= Laura McKenna =

American statistician

Laura Voshell McKenna (also published as Laura Voshell and Laura Voshell Zayatz) is an American census statistician and expert on statistical disclosure control.

==Contributions==
McKenna served as chair of the Disclosure Review Board of the United States Census Bureau from 2002 to 2016, and also headed the Center for Disclosure Avoidance Research at the Census Bureau.
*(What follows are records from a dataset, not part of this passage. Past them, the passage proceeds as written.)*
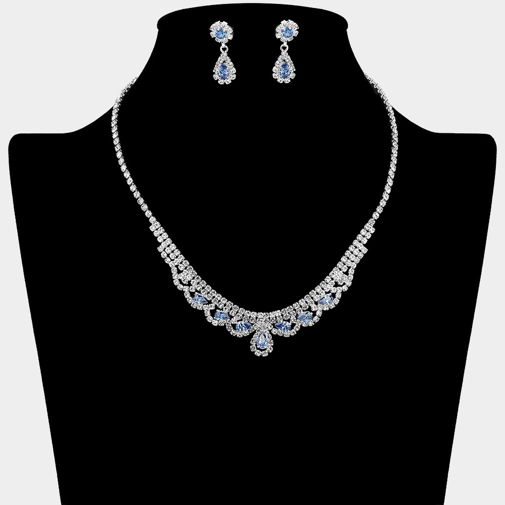 Details • Necklace Size : 15" + 4.5" L • Decor Size : 0.6" L • Earrings Size : 1" L • Shine at any special occasion with this teardrop crystal necklace and earring set. Featuring a layered design with sparkling accents, it adds elegance and sophistication to bridal, prom, or evening looks. A striking accessory set for standout style. • CZ Cubic Zirconia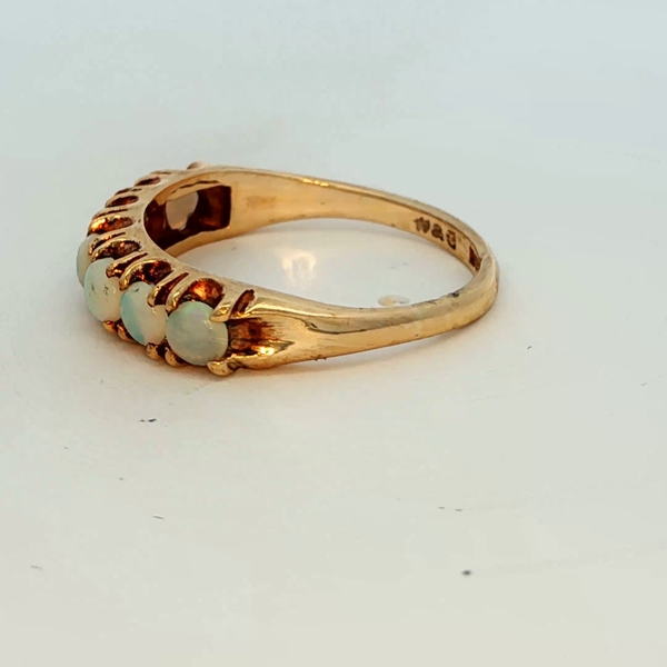 9ct yellow gold 7 stone opal ring, hallmarked (sh23511l)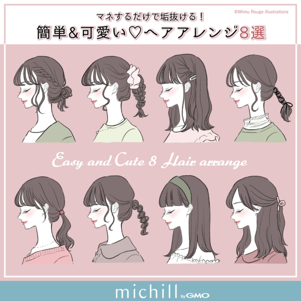 不器用だからヘアアレンジができない…今回はそんな人に絶対マネしてほしい、簡単にできる可愛いヘアアレンジのやり方をご紹介します。ゴムで結んだり、毛束をねじったりするだけでOK!分かりやすいイラストを見ながら、早速チャレンジしてみましょう♪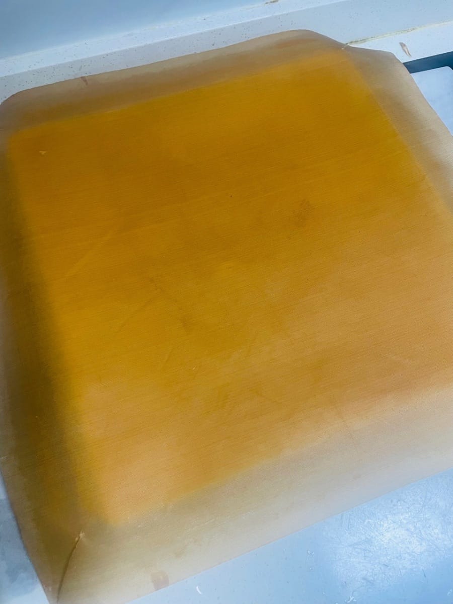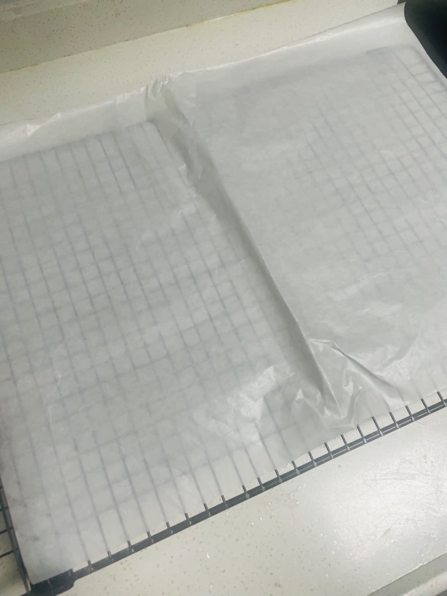 - 케이크 크러스트 식히기. 굽고 나면 케이크 크러스트를 식힘망에 뒤집어 놓습니다. 먼저 바닥의 유산지를 벗겨낸 후 새 유산지로 덮습니다. (케이크 크러스트를 뒤집어 유산지로 덮으면 케이크 크러스트가 마르고 갈라지는 것을 방지할 수 있습니다. 자연 식혀야 합니다.)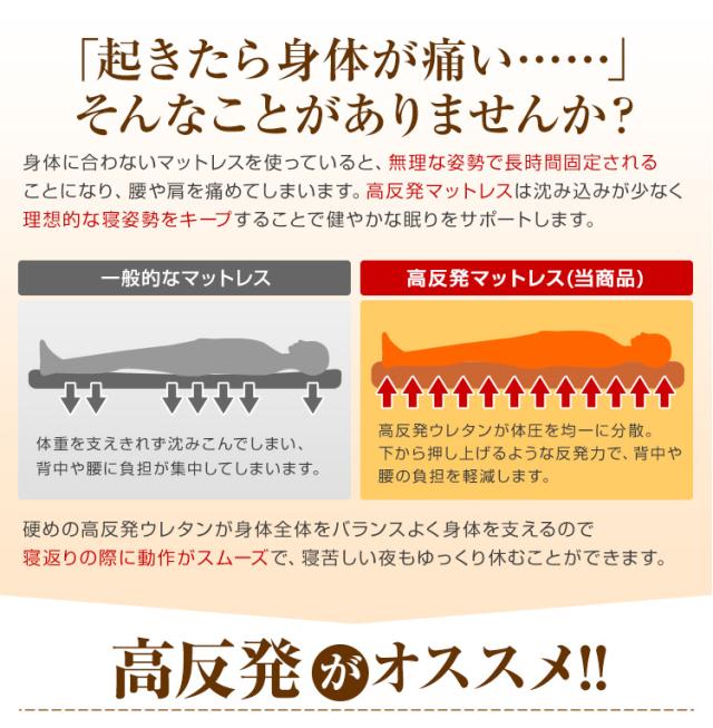 高反発マットレスは下からの跳ね返りの力により、沈み込みが少ないのが特徴です。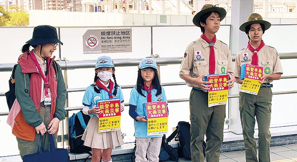 ボーイスカウト横浜第8団(中島一郎団委員長)は11月4日、新横浜駅前で能登半島大雨災害義援金の募金活動を実施した=写真。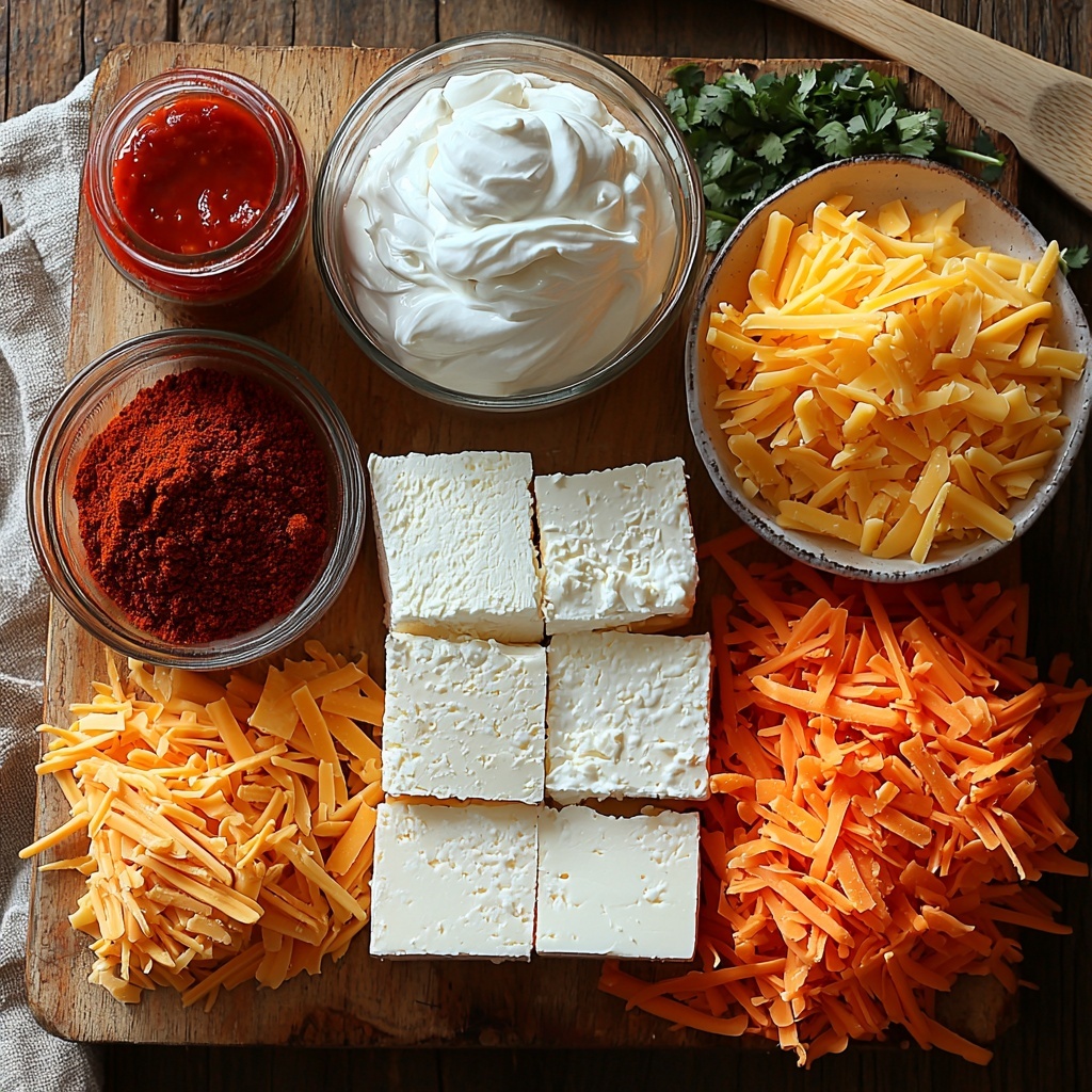Getting the ingredients right is key to making this dip shine. Each element adds something special, from creamy richness and tangy zest to fiery heat and melty cheesiness that makes each bite unforgettable.

She
served on the Committee on Privacy and Confidentiality of the American Statistical Association from 1994 to 1999. With Pat Doyle and Julia Lane, she is the co-editor of the book Confidentiality, Disclosure and Data Access: Theory and Practical Applications (North Holland, 2001).

==Recognition==
McKenna won the Department of Commerce Silver Medal in 2003, "for developing and implementing the disclosure limitation methods used to mask data from Census 2000" and "for work as Chair of the Disclosure Review Board and as organizer of a conference on privacy and disclosure limitation". She was named a Fellow of the American Statistical Association in 2010, "for effectively moving theoretical techniques in the field of statistical disclosure control into practical application in official statistics; for leadership nationally and internationally in educating statisticians and policy officials on relevant disclosure issues, identifying new research opportunities, and developing innovative technical solutions; and for service to the statistical community".